A new Urban Land Institute report suggests city officials relax certain provisions of the Miami 21 zoning code to encourage denser developments on narrower lots and further incentivize developers who reduce or eliminate parking, among other recommendations.

Report co-author Andrew Frey presented his ULI focus group’s findings on Friday to Miami Mayor Francis Suarez, who declined to comment about how he will incorporate the report’s recommendations into a revamp of Miami 21 that is currently underway.

“We are focused that [growth] happens responsibly,” Suarez said. “That it supports things like transit; that it supports our resiliency efforts.”\

Frey, director of development for Fortis Design + Build, said the focus group was formed last year to look at aspects of Miami 21 that inhibit progress in areas of housing choice, affordability and mobility.

“We wanted to give specific textual recommendations that hopefully can shorten up the cycle between finding glitches or gaps in Miami 21 and filling them,” Frey said. “We tried to make the recommendations as concrete as possible.”

According to the report, city officials should consider deleting lot size minimums and density maximums in certain areas, such as those zoned T4, T5 and T6. The neighborhoods with T4 zoning allow a transition from single-family homes to multifamily buildings with room for small businesses and mom-and-pop retail such as Southwest Eighth Street in Little Havana.

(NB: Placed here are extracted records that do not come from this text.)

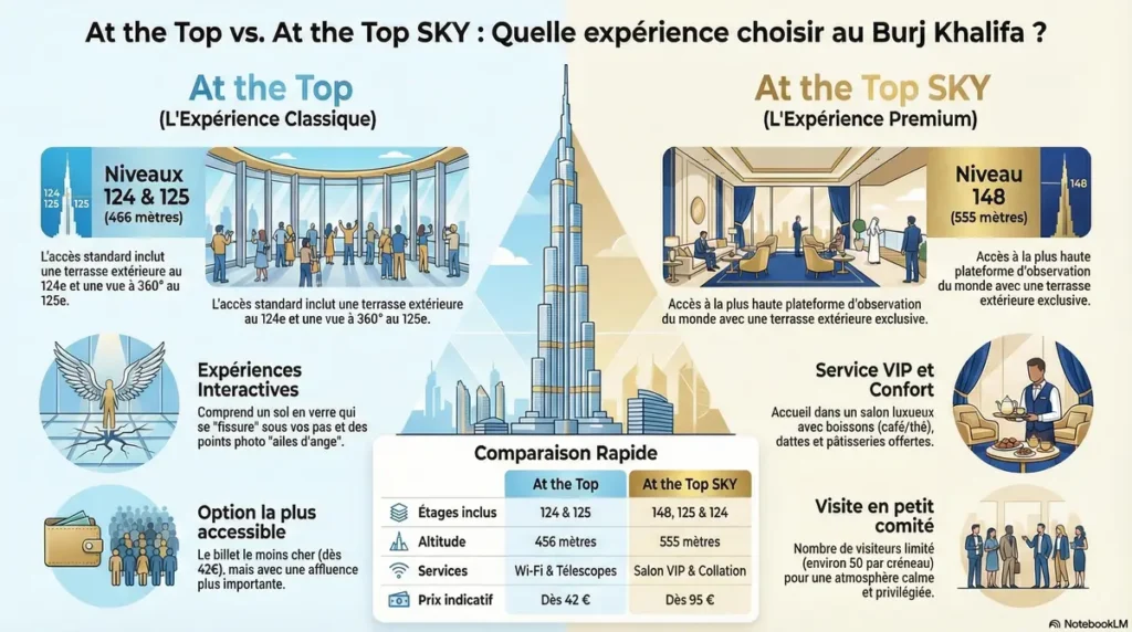 Entre At the Top (124–125) et At the Top SKY (148), l’hésitation est normale : on parle du même bâtiment, mais pas du même ressenti.
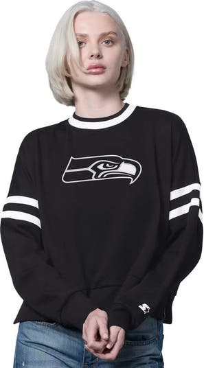 Rep your team in style with this Seattle Seahawks Rally Drop Shoulder Cropped Sweatshirt from Starter. The fleece lining provides added warmth and a soft feel, making it perfect for cooler game days or cozy nights in. The embroidered fabric applique team logo boldly displays your Seattle Seahawks pride.
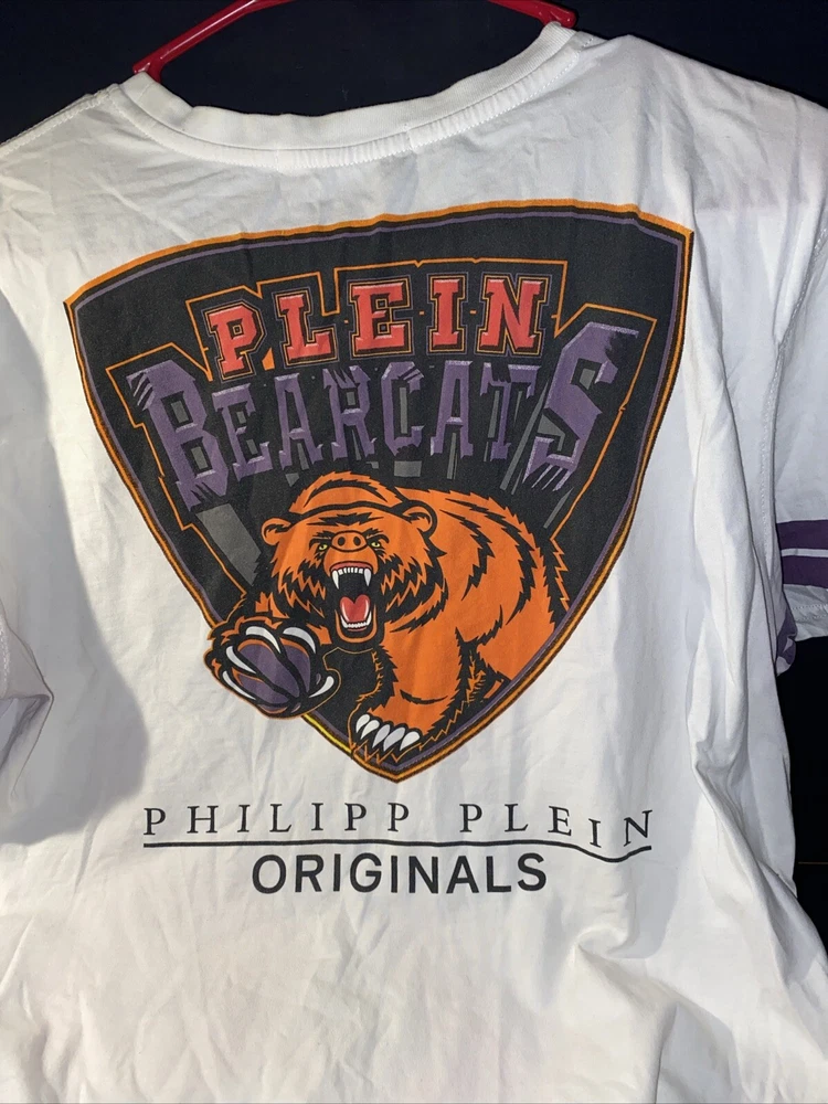 This Philipp Plein sport shirt is a must-have for any fashion-conscious man. The shirt features a solid pattern with short sleeves and a regular fit, making it perfect for any casual occasion. The shirt is made of high-quality materials and is designed to be double-sided, adding an extra element of style to the shirt. The shirt is perfect for fans of the Bearcats and features their logo prominently on the shirt. The shirt is available in size XL and is multicolored, making it a great addition to any wardrobe. The shirt is designed with accents that add an extra touch of style to the shirt, making it perfect for any sports-themed occasion.
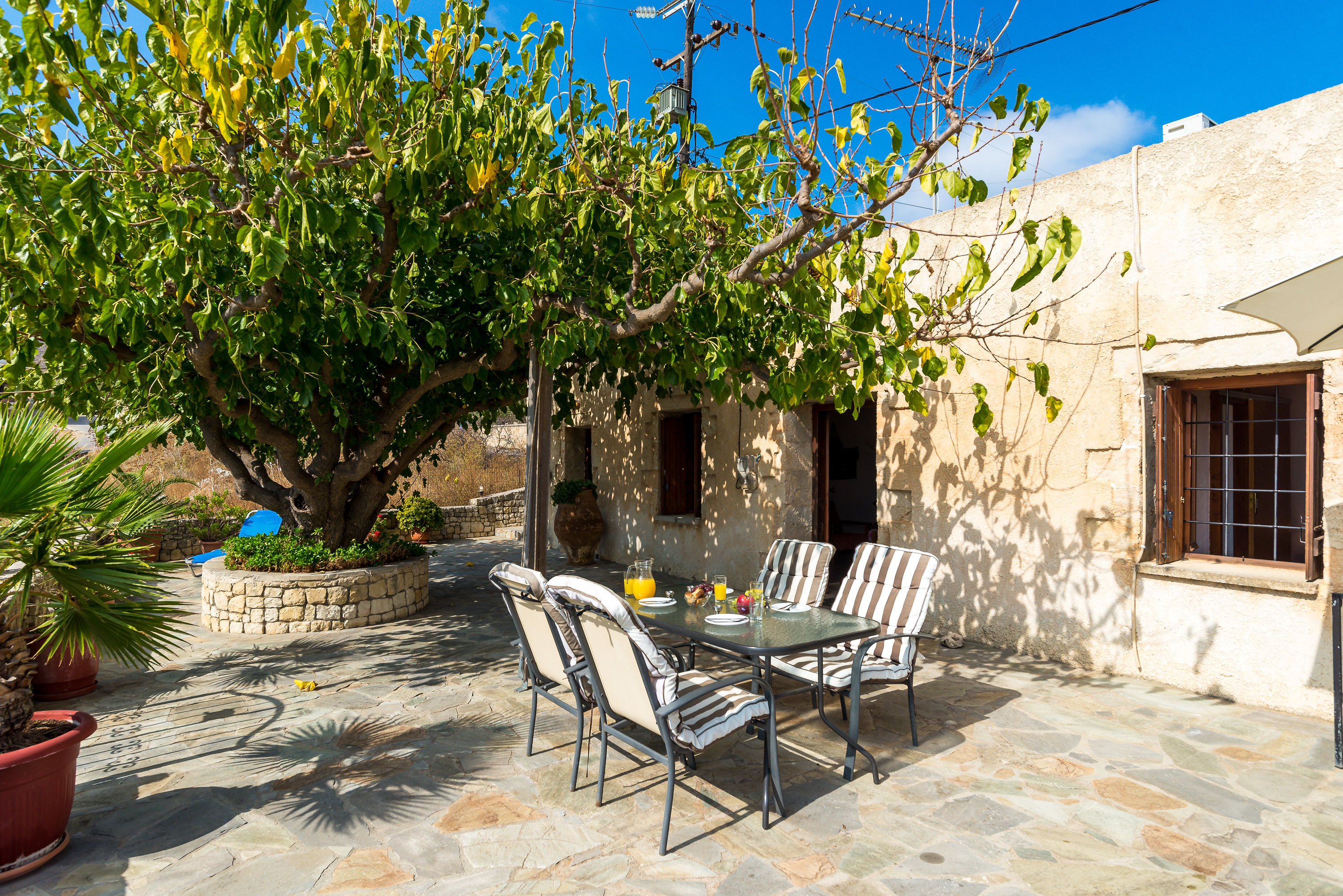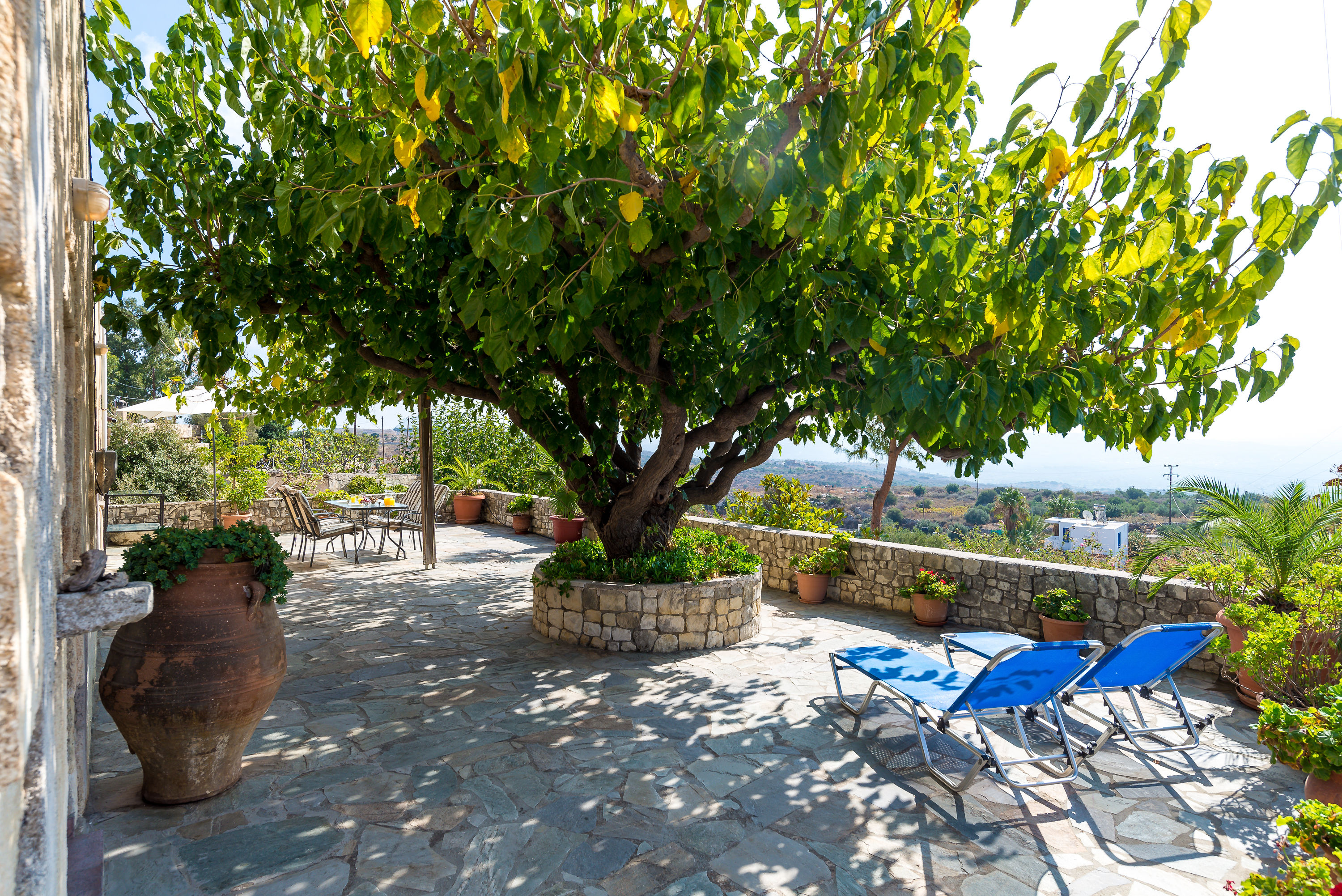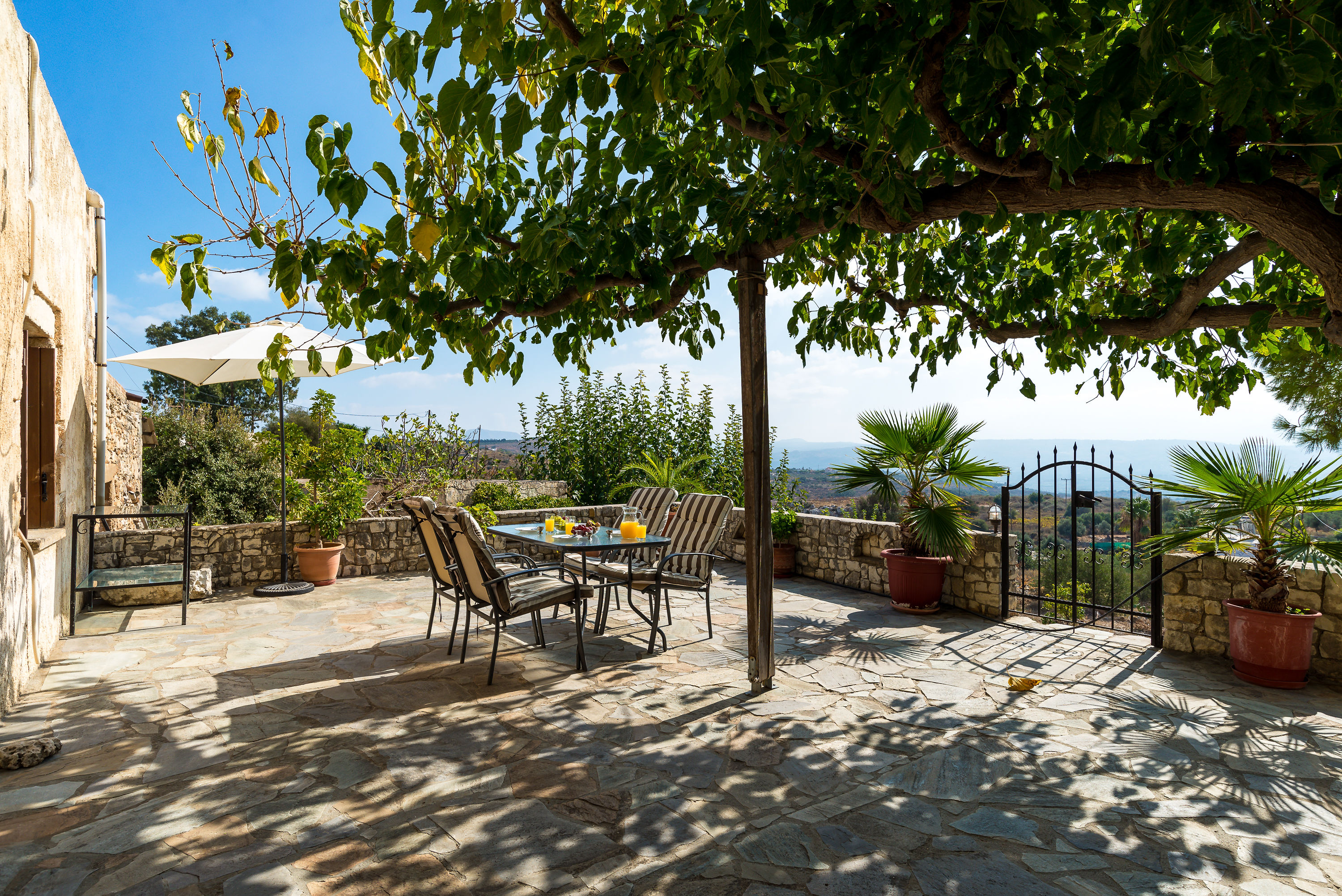 Artemis House is a traditional stone-built house that offers a romantic hideaway with spectacular mountain views. Its large veranda with low stone wall and beautiful mulberry tree provides ample shade and is perfect for al fresco meals and drinks. The house overlooks Aptera village in Northwest Crete and up towards the White Mountains and is set in a residential part of the village

In T5 neighborhoods, developers can put up mixed-use buildings that accomodate retail, office and apartments such as Wynwood. And T6 neighborhoods allow developers to build multi-story condo, apartment and office towers such as downtown Miami, Brickell and Edgewater.

Getting rid of density maximums would allow developers to build more apartments sized smaller for mid-market renters because they would be able to build 100 or more units an acre . And by eliminating lot size minimums, Miami can encourage the development of more housing types such as townhouses, row houses and brownstones found in other major U.S. metropolitan cities, the report states.

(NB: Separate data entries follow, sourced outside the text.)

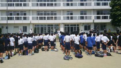 夜のミーティングで部長から伝えられた「もっとあいさつをしよう」「感謝の気持ちを言葉にしよう」。さて、明日からパワーアップとなるのでしょうか。顧問としても一教員としても期待しています。
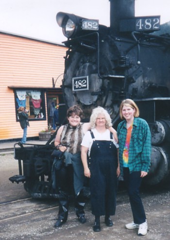 Me 'n' my mom 'n' Beth in front of one o' Durango-Silverton Narrow Gage Railroad (DSNGRR)'s three steam engines. Yes, we actually got to ride on the thing. For 7 hours. Well, at least it was pretty countryside the whole time. Rivers 'n' lakes 'n' streams and whatnot. And it was fun hangin' outta the train to take piccies... even though I wasn't s'posed to...
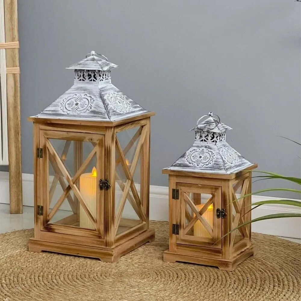 طقم فانوس خشب قطعتين
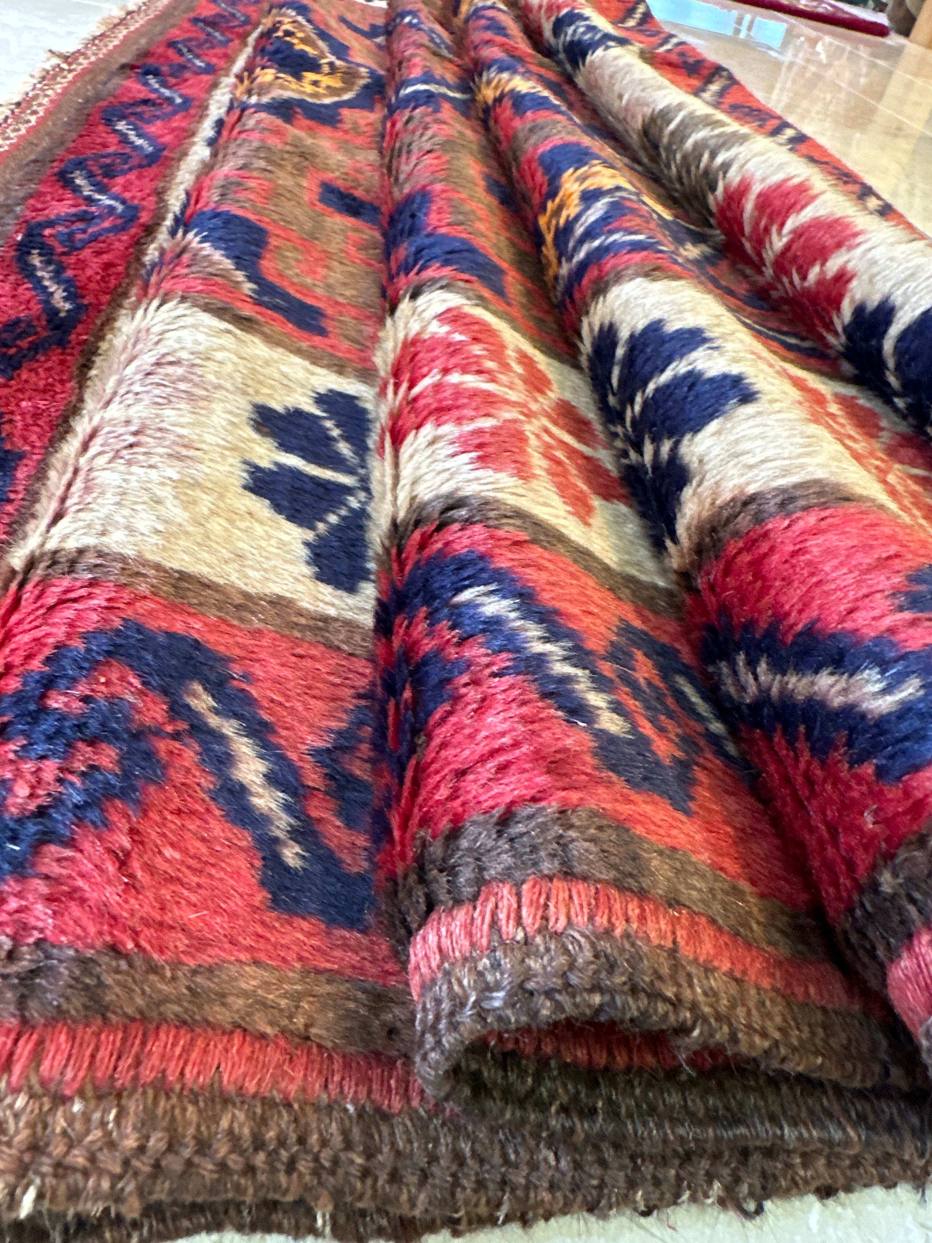 バルーチ族、ビンテージのとても綺麗で希少な絨毯です☆毛足が長く柔らかく織られた良質・美品です☆

The ULI focus group also suggested dramatic revisions to the parking standards in Miami 21, including having the Miami Parking Authority provide all on-street parking in single-family residential neighborhoods as residents-only at no cost. Other recommendations included significantly reducing parking requirements for new buildings and allowing developers to obtain parking reductions without having to pay impact fees.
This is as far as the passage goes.